◆ **PROBLEM TO SOLVE**
Make an exact copy of the records, with the images left out.

Source records
-=-=-=-=-

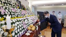 [이데일리 김영환 기자] 문재인 대통령은 17일 오전 서울 종로구 서울대병원 장례식장에 마련된 고(故) 백기완 통일문제연구소장- 2021.02.17 17:31
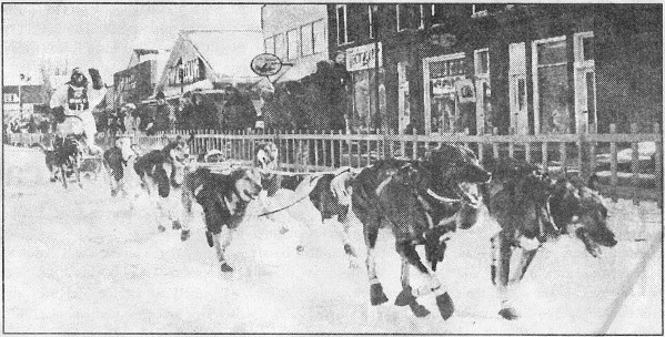 The day before the race, temperatures wre mild and a steady, heavy rain fell across the region, threatening trail conditions. Andre Landry, chief of security and Main Street start, and his crew of well over 100 volunteers worked all day and night Friday to set-up and prepare for the team' arrivals. Landry said that at midnight on Friday Main Street in Fort Kent looked like it was being prepared for a conoe tace. "The rain coming down was unbelievable," he said.
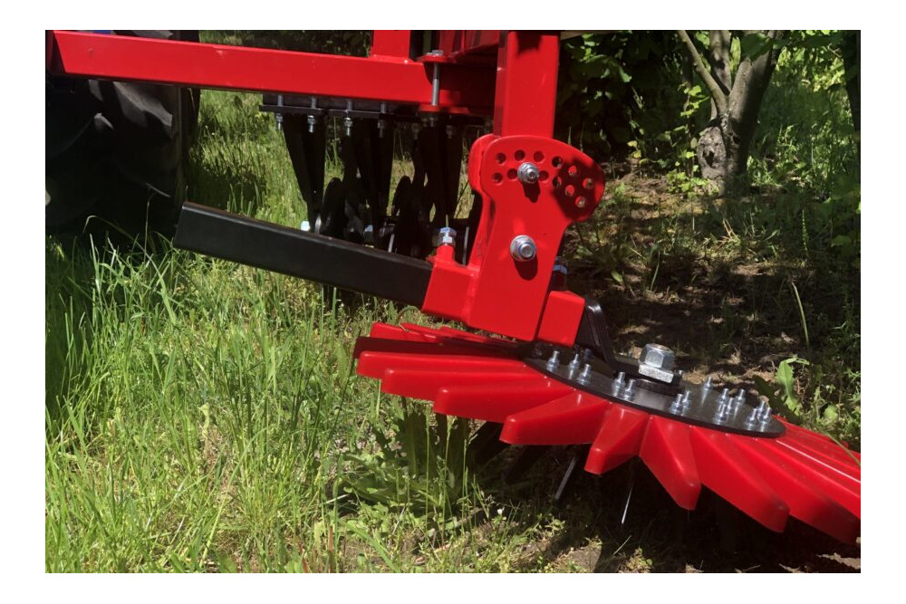 Pielnik boczny – Gwiazda pieląca: Eko-pielnik międzyrzędowy przeznaczony jest do pracy w sadach i młodych plantacjach oraz w uprawach, gdzie wymagane jest pielenie boczne. Zastosowanie pielącej gwiazdy idealnie nadaje się do mechanicznego pielenia między rzędami, dzięki czemu gleba jest spulchniana przed odrzuceniem chwastu, co zwiększa skuteczność pielenia.
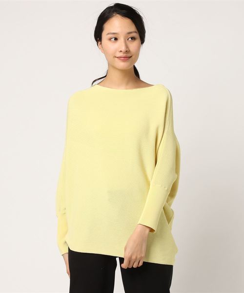 昨年ご好評いただきましたバイヤスガーターニットの2018春Ver.です♪アシンメトリーなドルマンデザインで、どの角度から見てもおしゃれ◎全体のゆったりしたイメージを袖口のリブできゅっと引き締めてバランスを取っています。伸縮性に富んだニットは着心地抜群。ほんのりシャリ感があり清涼感のある肌ざわりなので、ロングシーズン着回していただけます。1枚でシンプルにゆるっと着るのはもちろん、シャツとの重ね着できちんとコーデもおすすめです☆
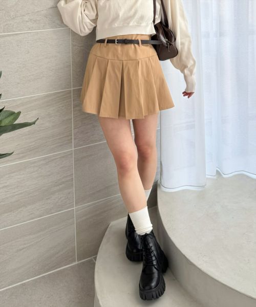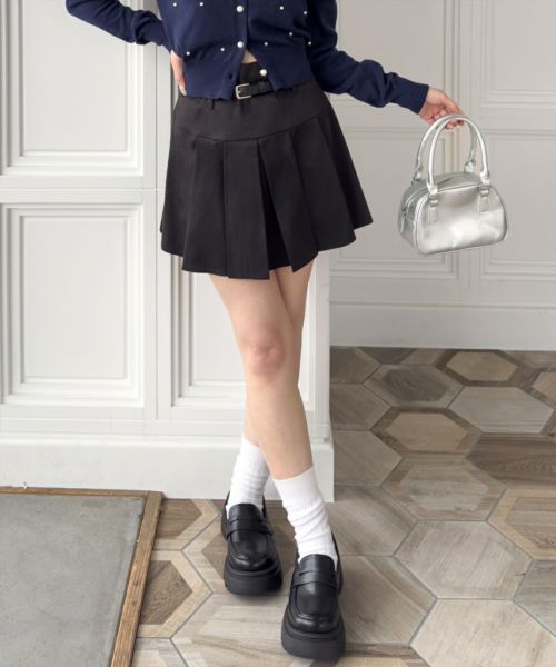 clear ベルト付きボックスプリーツミニスカート[CL8911]
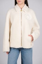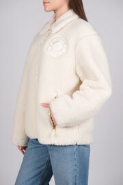 Меховая куртка молочного цвета с эмблемой

-=-=-=-=-

◆ **RESULT FOR THIS TASK**
 [이데일리 김영환 기자] 문재인 대통령은 17일 오전 서울 종로구 서울대병원 장례식장에 마련된 고(故) 백기완 통일문제연구소장- 2021.02.17 17:31
 The day before the race, temperatures wre mild and a steady, heavy rain fell across the region, threatening trail conditions. Andre Landry, chief of security and Main Street start, and his crew of well over 100 volunteers worked all day and night Friday to set-up and prepare for the team' arrivals. Landry said that at midnight on Friday Main Street in Fort Kent looked like it was being prepared for a conoe tace. "The rain coming down was unbelievable," he said.
 Pielnik boczny – Gwiazda pieląca: Eko-pielnik międzyrzędowy przeznaczony jest do pracy w sadach i młodych plantacjach oraz w uprawach, gdzie wymagane jest pielenie boczne. Zastosowanie pielącej gwiazdy idealnie nadaje się do mechanicznego pielenia między rzędami, dzięki czemu gleba jest spulchniana przed odrzuceniem chwastu, co zwiększa skuteczność pielenia.
 昨年ご好評いただきましたバイヤスガーターニットの2018春Ver.です♪アシンメトリーなドルマンデザインで、どの角度から見てもおしゃれ◎全体のゆったりしたイメージを袖口のリブできゅっと引き締めてバランスを取っています。伸縮性に富んだニットは着心地抜群。ほんのりシャリ感があり清涼感のある肌ざわりなので、ロングシーズン着回していただけます。1枚でシンプルにゆるっと着るのはもちろん、シャツとの重ね着できちんとコーデもおすすめです☆
 clear ベルト付きボックスプリーツミニスカート[CL8911]
 Меховая куртка молочного цвета с эмблемой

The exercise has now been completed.